Parse all reads in a BAM and extract conversion, content and alignment information as CSVs.

bam_path: Path to alignment BAM file conversions_path: Path to output information about reads that have conversions alignments_path: Path to alignments information about reads index_path: Path to conversions index no_index_path: Path to no conversions index gene_infos: Dictionary containing gene information, as returned by

ngs.gtf.genes_and_transcripts_from_gtf

transcript_infos: Dictionary containing transcript information,

as returned by ngs.gtf.genes_and_transcripts_from_gtf

strand: Strandedness of the sequencing protocol, defaults to forward,

may be one of the following: forward, reverse, unstranded

umi_tag: BAM tag that encodes UMI, if not provided, NA is output in the

umi column

barcode_tag: BAM tag that encodes cell barcode, if not provided, NA

is output in the barcode column

gene_tag: BAM tag that encodes gene assignment, defaults to GX barcodes: List of barcodes to be considered.
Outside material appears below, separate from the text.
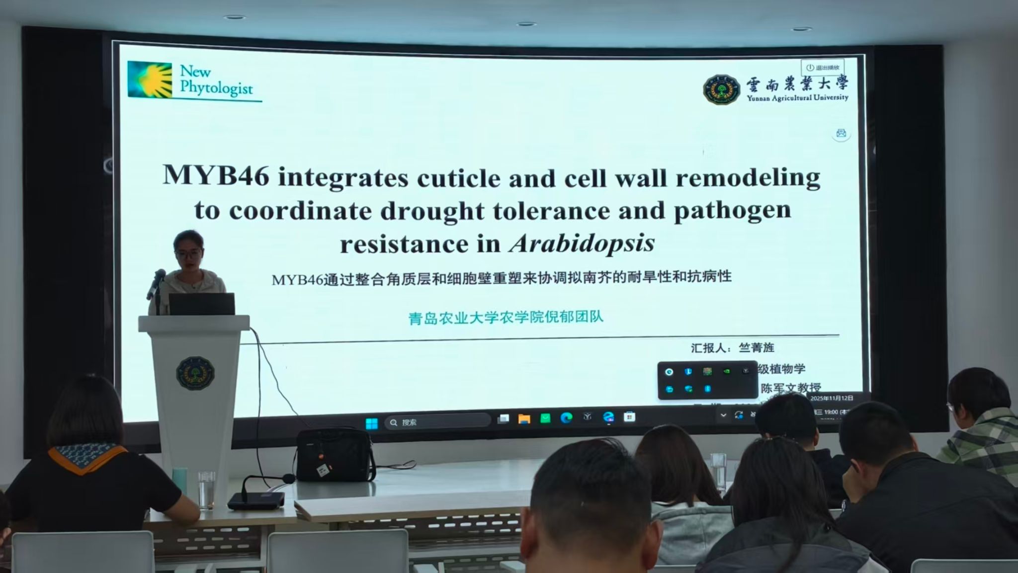 在此次学术活动报告会上,竺菁旌硕士以“MYB46 integrates cuticle and cell wall remodeling to coordinate drought tolerance and pathogen resistance in Arabidopsis ”为题进行文献分享报告。该研究以拟南芥为对象,揭示了MYB46不仅是已知的次生细胞壁生物合成调控因子,还通过直接激活LACS1、LACS2、KCS1、KCS19、CER1等角质层生物合成基因,调控角质层的形成与渗透性;MYB46 功能缺失突变体(myb46-3、myb46-4)角质和蜡质积累减少、角质层渗透性增强,虽然通过上调防御相关基因(如 PERs、PAD3)提高对灰葡萄孢菌(Botrytis cinerea) 的抗性,但耐旱性降低;而 MYB46 过表达株系则增强角质层完整性、增加角质和蜡质积累,提升耐旱性且不影响病害敏感性,最终证实 MYB46 是整合角质层与细胞壁重塑、协调拟南芥干旱耐受性和病原菌抗性的双重调控因子。

All barcodes are considered

if not provided

n_threads: Number of threads temp_dir: Path to temporary directory nasc: Flag to change behavior to match NASC-seq pipeline velocity: Whether or not to assign a velocity type to each read strict_exon_overlap: Whether to use a stricter algorithm to assign reads as spliced return_splits: return BAM splits for later reuse

Returns

(path to conversions, path to alignments, path to conversions index)

If return_splits is True, then there is an additional return value, which is a list of tuples containing split BAM paths and number of reads in each BAM.